- Directed by: Benjamín Naishtat
- Written by: Benjamín Naishtat Hernán Ronsino
- Based on: Glaxo by Hernán Ronsino
- Produced by: Benjamin Domenech; Santiago Gallelli; Berta Marchiori; Matias Roveda; Rodrigo Teixeira;
- Starring: Lali Espósito; Esteban Lamothe; Marcelo Subiotto;
- Cinematography: Pedro Sotero
- Production companies: RT Features; Rei Pictures;
- Release date: 11 September 2026 (TIFF);
- Running time: 106 minutes
- Countries: Argentina; Brazil;
- Language: Spanish

= Glaxo (film) =

Glaxo is a 2026 drama film directed by Benjamín Naishtat, co-written with Hernán Ronsino and based on the same name novel by Hernán Ronsino. A co-production of Argentina and Brazil, it follows four young men living in a small Argentinian town which is home to a Glaxo pharmaceutical factory, whose lives and relationships begin to unravel after a retired police officer and his wife move to town.

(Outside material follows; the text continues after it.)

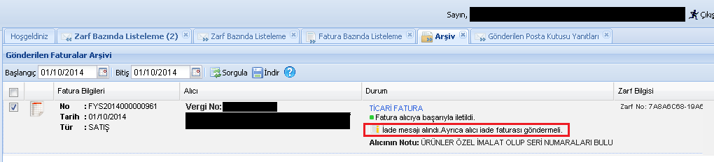 Merhaba, 7A8A6C68-19A6-47B7-B53C-CA1139C9BEFE numaralı zarftaki FYS2014000000961 numaralı faturaya 2014.10.16 13:26:14'te cd2e11b8-1a18-4af1-8431-68a52c89a061 zarfıyla IADE (kabul ya da red değil) yanıtını içeren uygulama yanıtı gönderilmiştir. IADE uygulama yanıtı alıcının göndericiye göndermiş olduğu bir ön bilgilendirme mesajıdır. Bu yanıtın ardından faturanın alıcısı faturaya iade faturası kesmelidir (durum mevzuat hükümlerine uygunsa). İade edilecek fatura için, iade mesajı gönderilsin veya gönderilmesin, iade faturası düzenlenmelidir (durum mevzuat hükümlerine uygunsa). İade mesajı gönderilmese de olur, opsiyoneldir. Gönderilmesi faturayı düzenleyene önceden mesaj gitmesini sağlar. Alıcı iade mesajı göndermesinin ardından iade faturası kesmezse mevcut fatura hala geçerlidir (red cevabı gibi değildir) ve fatura alıcısı tarafından kabul edilmiş sayılır. İyi günler. |

The film had its world premiere in the Special Presentations section of the 2026 Toronto International Film Festival on 11 September.

== Cast ==

- Lali Espósito
- Marcelo Subiotto
- Esteban Lamothe
- Esteban Bigliardi
- Alan Sabbagh
- Manu Fanego
- Pablo Turturiello
- Martin Armendariz

== Production ==
Principal photography took place between October and late November of 2025.

== Release ==
The film premiered in the Special Presentations program at the 2026 Toronto International Film Festival on 11 September. It was also selected for the main competition of the 74th San Sebastián International Film Festival. In October 2026, it will compete at the 2026 BFI London Film Festival in official competition.